Here is part 3 of a 4-part chapter excerpt from the book Java XML Programmers Reference by Mohammad Akif, Steven Brodhead, Andrei Cioroianu, James Hart, Eric Jung and Dave Writz; ISBN 1861005202; published July 2001, 750 pages.
Our series takes a look at Chapter 11: XML Tools for Information Appliances.
MinML
MinML, presumably standing for minimal XML, can be downloaded from http://www.wilson.co.uk/xml/minml.htm. It is the smallest parser reviewed in this book, and the fastest one mentioned in this chapter. It is also SAX 1.0 compliant, and consumes less memory than NanoXML.
However, it does not offer a pull parsing mechanism. Parsing is only available through the SAX 1.0 interface, which "pushes" events into your application code (see Push, Pull, and Object Model Parsing.)
After telling the parser to begin, the MinML calls back (or pushes) into your application code to notify you of parse events. This model forces your code to maintain state information within the callback class(es), and to evaluate that state at each event. This is less programmer-friendly than pull parsers like kXML and XPP, but it's hard to argue with MinML's raw speed. For benchmarks see
http://www.extreme.indiana.edu/~aslom/exxp/. Perhaps MinML wouldn't be as fast if we account for the state information which application code must maintain that is maintained for us automatically by pull parsers.
What's Supported, What's Not Supported
|
Feature |
Supported |
Notes |
|
Document validation |
No |
DTDs are read but ignored |
|
Well-formed XML only |
Yes |
Throws org.xml.sax.SAXException if not well-formed |
|
Mixed content |
No |
Throws org.xml.sax.SAXException |
|
Entity expansion |
No |
Throws org.xml.sax.SAXException if predefined or general entities are used in an XML document. Parameter entities in the DTD are OK. |
|
SAX |
Yes, SAX 1.0 |
|
|
DOM |
No |
|
|
Comments |
Ignored |
|
|
Processing Instructions |
Ignored |
|
|
Namespaces |
Indirectly |
Prefixes aren't distinguished from local parts <prefix:name> becomes an atomic element or attribute |
|
Document Locator |
No |
Provides document line and column information |
|
JAR size |
|
15.3KB |
As stated above, SAX 1.0 is implemented in its bare-bones state. Locales aren't supported. Warnings and errors aren't supported; all errors and warnings are reported as fatalerrors. Public and system identifiers aren't supported.
Document locators, however, are supported. Document locators allow your application to locate the line and column number that triggered the SAX callback.
There is no support for entities, but parameter entities in a DTD are okay. Although this is a non-validating parser, DTDs are allowed (they are simply ignored). Processing instructions, although also ignored, don't throw exceptions like they do in NanoXML. Finally, ignorable whitespace is not reported to the application.
There is no pull-parsing mechanism, even as an add-on. This is a strict no-nonsense SAX 1.0 push parser, which will require you to track all state while documents are parsed.
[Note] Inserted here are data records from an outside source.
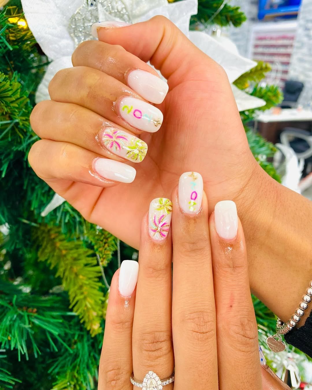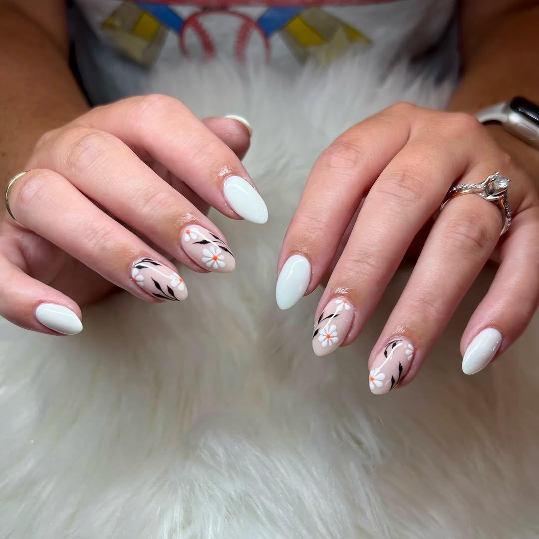 This is minimal done right. Milky white nails paired with delicate floral linework feel airy, light, and incredibly polished.
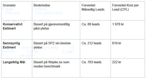 Den svenske markedsplassen Wayke.se, med en konverteringsrate på 0,20 %, representerer ikke et urealistisk "best case". Det er en dokumentert "best-in-class"-referanse fra et modent og direkte sammenlignbart marked. Wayke viser det langsiktige potensialet når datakvalitet og budsjett når et visst modenhetsnivå. Denne reviderte tilnærmingen erstatter et bredt og usikkert spekter av utfall med et innsnevret og langt mer troverdig beslutningsgrunnlag. Nedenfor kvantifiserer vi hva dette betyr i praksis.
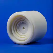 The NNS operates under the same principle as a Bonner sphere neutron spectrometer.[2] The sensitive part of the spectrometer is the Helium-3 proportional counter, which detects neutrons through the reaction 3He(n,p)3H. This particular reaction has a significant cross-section only at thermal neutron energies. In order for a higher energy neutrons to be detected their energies must be decreased, or "moderated". To slow down neutrons at higher energies the NNS uses different amounts of high-density polyethylene (HDPE). The He-3 proportional counter is surrounded by varying amounts of HDPE to sample various energy regions of the neutron field. The standard NNS has seven HDPE cylinders which are nested together, similar to Russian nesting dolls, to measure neutrons of higher and higher energies.
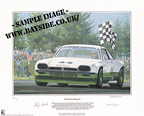 Only 4 remarques remain! Thundering Elegance portrays Bob Tullius in his Group 44, Inc. Jaguar V-12 XJS celebrating
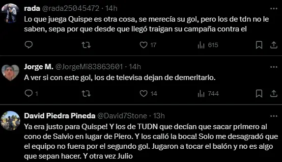 Eso sí, los hinchas están a favor de Piero Quispe y su gol, tanto así que el periodista Alex Déleon colocó en sus redes un "Piero Quispe juega para los que saben de fútbol", lo cual hizo que los hinchas no dejaran de apoyar al peruano, sobre todo tras las críticas que recibió por parte de televisa.

Finally, and perhaps most significantly, there is no way to build a document. There is no interface that can build and output a document tree. If you require more than just parsing in your application, MinML won't be enough for you.
MinML provides no way to natively build and output documents: there is no object model, or element/node class from which to build documents
Package uk.co.wilson.xml
In true minimalist fashion, this package contains only one class MinML. However, let's briefly look at it.
Class MinML
uk.co.wilson.xml
|
public class MinML
extends java.lang.Object
implements
uk.org.xml.sax.Parser,
uk.org.xml.sax.DocumentHandler,
org.xml.sax.Locator,
org.xml.sax.ErrorHandler |
Although this is the only class in its package, it implements and uses many of the SAX 1.0 interfaces and classes. Those interfaces and classes must be distributed with MinML and should be in the CLASSPATH variable.
This class can be used in one of two ways:
- Extending it with your own class and overriding the SAX methods in which you are interested
- Creating an instance of the class, calling setDocumentHandler() on the instance, and calling its parse() method with an org.xml.sax.InputSource object or a java.io.Reader object
You will notice that class MinML implements uk.org.xml.sax.Parser and uk.org.xml.sax.DocumentHandler instead of the org.xml.sax.Parser and org.xml.sax.DocumentHandler. These two interfaces actually just extend their SAX counterparts and override only three methods. It is by overriding these methods that MinML implements one of its unique features: sending output to a java.io.Writer object.
SAX's DocumentHandler interface has two methods, startElement() and startDocument(), both of which return void. The versions in uk.org.xml.sax.DocumentHandler, however, return a java.io.Writer. By overriding these methods in your application and returning a Writer, MinML will write character data to the Writer object instead of calling back the application's characters() method.